High Times Publicly Traded by Fall
On July 27, 2017, Hightimes Holding Corp., the company behind High Times magazine, announced a merger agreement with Origo Acquisition Corporation (NASDAQ:OACQ), a special purpose acquisition company, as a means of making High Times a publicly traded company.
“High Times is one of few household names in the cannabis industry,” said Adam Levin, Chief Executive Officer of High Times, in a press release. “As a leading authority in a rapidly growing and evolving industry, we believe the public market is the best vehicle for capturing and funding substantial market opportunities and championing the innovations emerging across the globe in this industry.”

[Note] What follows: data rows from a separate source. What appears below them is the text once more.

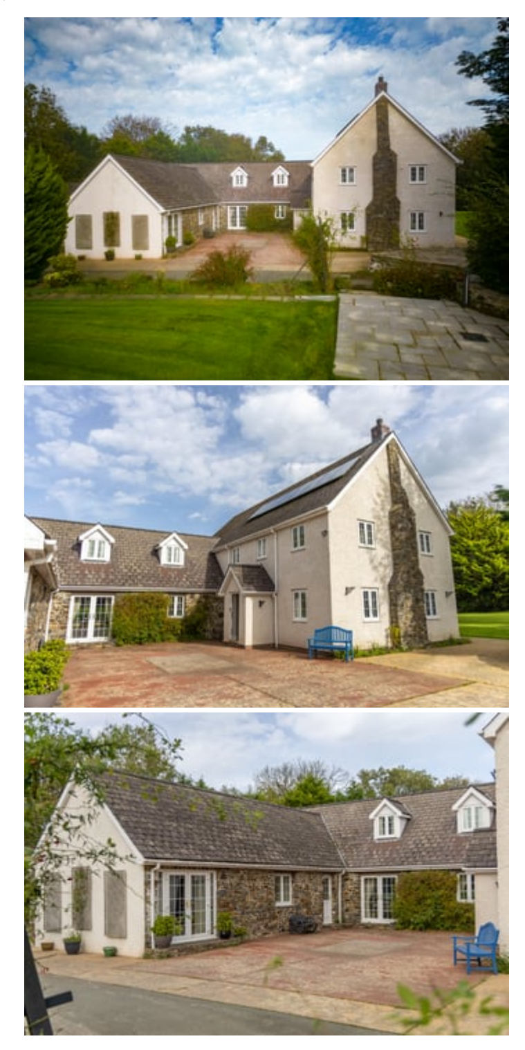
Corner Summer House

9' 5" x 15' 2" (2.87m x 4.62m) being a recent addition, of timber frame construction under a slated roof with panelled exterior walls with bi-fold doors to both sides, wood effect flooring. Overlooking the front garden area.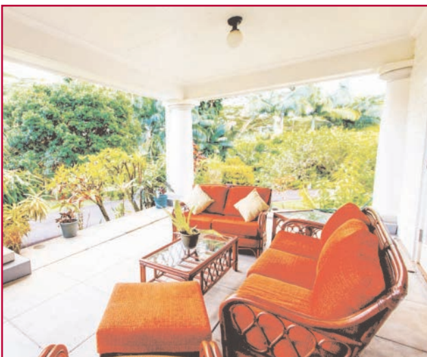
The Lanai (front porch)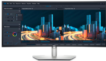
Dell UltraSharp 34 Curved USB-C HUB Monitor - U3421WE

An immersive 34" WQHD curved monitor with wide color coverage and extensive connectivity including RJ45, USB-C® and quick-access front ports.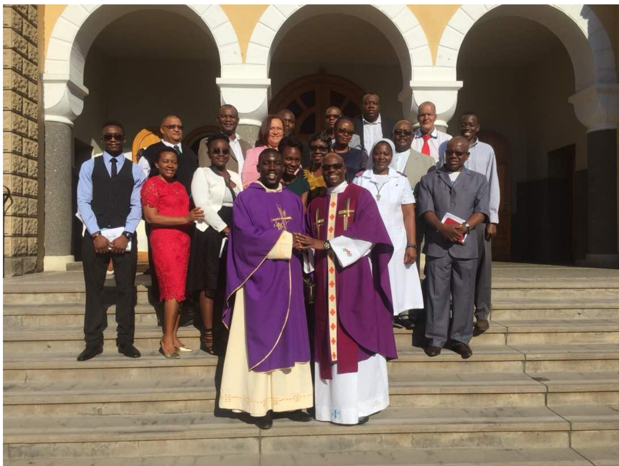
The newly installed PPC

According to Reuters, “SPACs like Origo have no assets but use IPO proceeds and bank financing to take companies public through acquisitions. High Times expects to list by October on Nasdaq, but it is unclear what the ticker will be … .”
If the merger transaction closes, the deal gives Origo 100% of High Times’ equity and then shareholders in High Times will receive an an aggregate of 23,474,178 common shares of Origo. According to the press release, “At closing and assuming no Origo shareholder redemptions, current shareholders of High Times and Origo will hold approximately 83% and 17%, respectively, of the issued and outstanding shares of the publicly traded company’s common stock.”
The move with Origo to make High Times publicly traded follows the acquisition of High Times this past June by a group of 20 investors, including Oreva Capital, Levin’s investment firm. With Oreva Capital leading the acquisition, Levin became CEO of High Times.